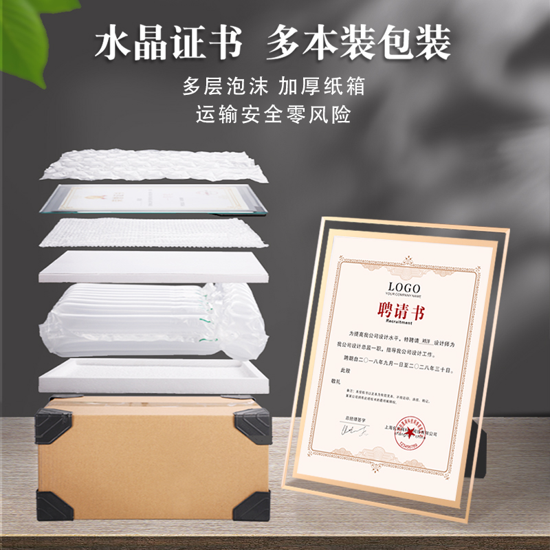 水晶玻璃荣誉证书证件书相框a4获奖证书外壳企业优秀员工奖状展示框聘书专利授权结业证书打印奖牌奖杯定制
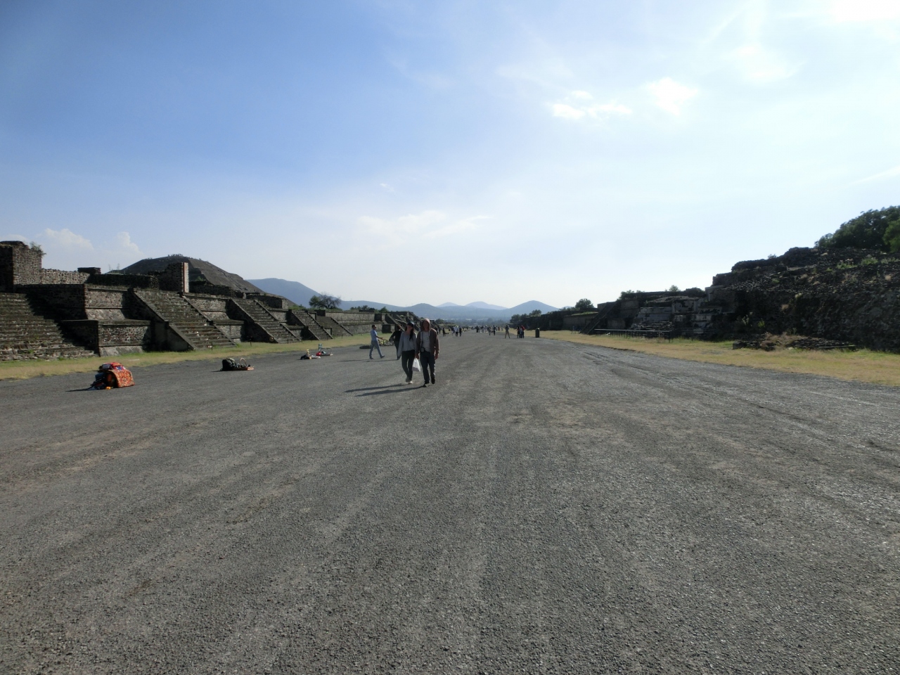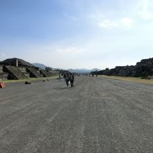 ティオティワカン遺跡の中にあるとても広い、ピラミッドを繋いでいる道です、月のピラミッドが端ですが、太陽のピラミッドで終わりでは無く、行ってはいませんがもっと続いていました、日差しを遮る物が無いので、天気の良い日はとても暑いです、道の両脇にも遺跡が有ります。
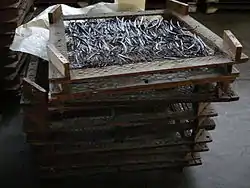 Технологія виробництва даної прянощі досить складна. На першому етапі незрілі плоди збирають та занурюють на 20 секунд у гарячу воду (80-85 °C), здійснюючи таким чином своєрідне короткочасне бланшування. Потім відбувається ферментація плодів при температурі 60 °C протягом тижня. Тільки після ферментації ваніль набуває характерного аромату та коричневого кольору. Після цього стручки протягом декількох місяців сушать у затінку на відкритому повітрі. Після появи на стручках білого нальоту вважається, що ваніль готова до вживання.
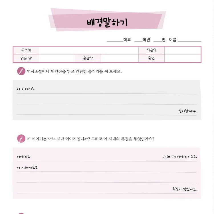 독서기록장(저학년용) 시트지 모음 6
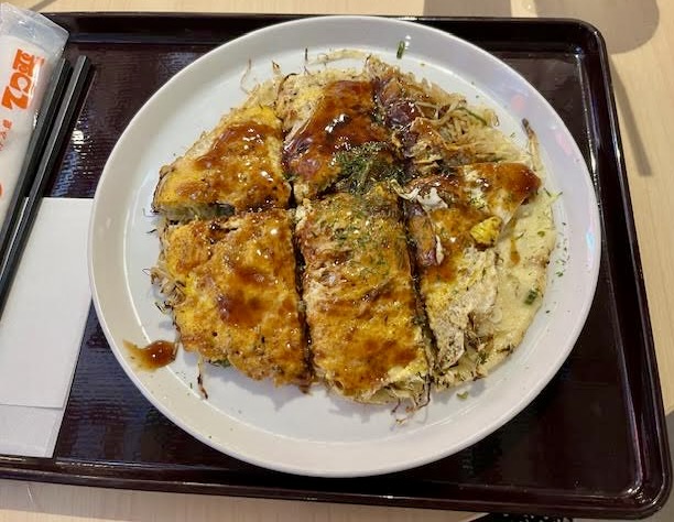 On a much lighter note, Hiroshima is famous for a number of dishes, including okonomiyaki – a layered pancake made of batter, shredded cabbage, thin slices of pork, green onion and noodles, all cooked on a grill until crispy and so delicious.
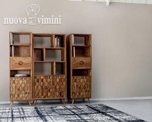 Struttura in legno sheesham, schienale e fondo cassetti in compensato. Finitura naturale. Pomelli in acciaio.

--- EXERCISE GOAL ---
Once the line holding "On a much lighter" is found, set it down along with every line after it through the end of the entries, exactly, leaving the pictures out.

--- RESPONSE ---
 On a much lighter note, Hiroshima is famous for a number of dishes, including okonomiyaki – a layered pancake made of batter, shredded cabbage, thin slices of pork, green onion and noodles, all cooked on a grill until crispy and so delicious.
 Struttura in legno sheesham, schienale e fondo cassetti in compensato. Finitura naturale. Pomelli in acciaio.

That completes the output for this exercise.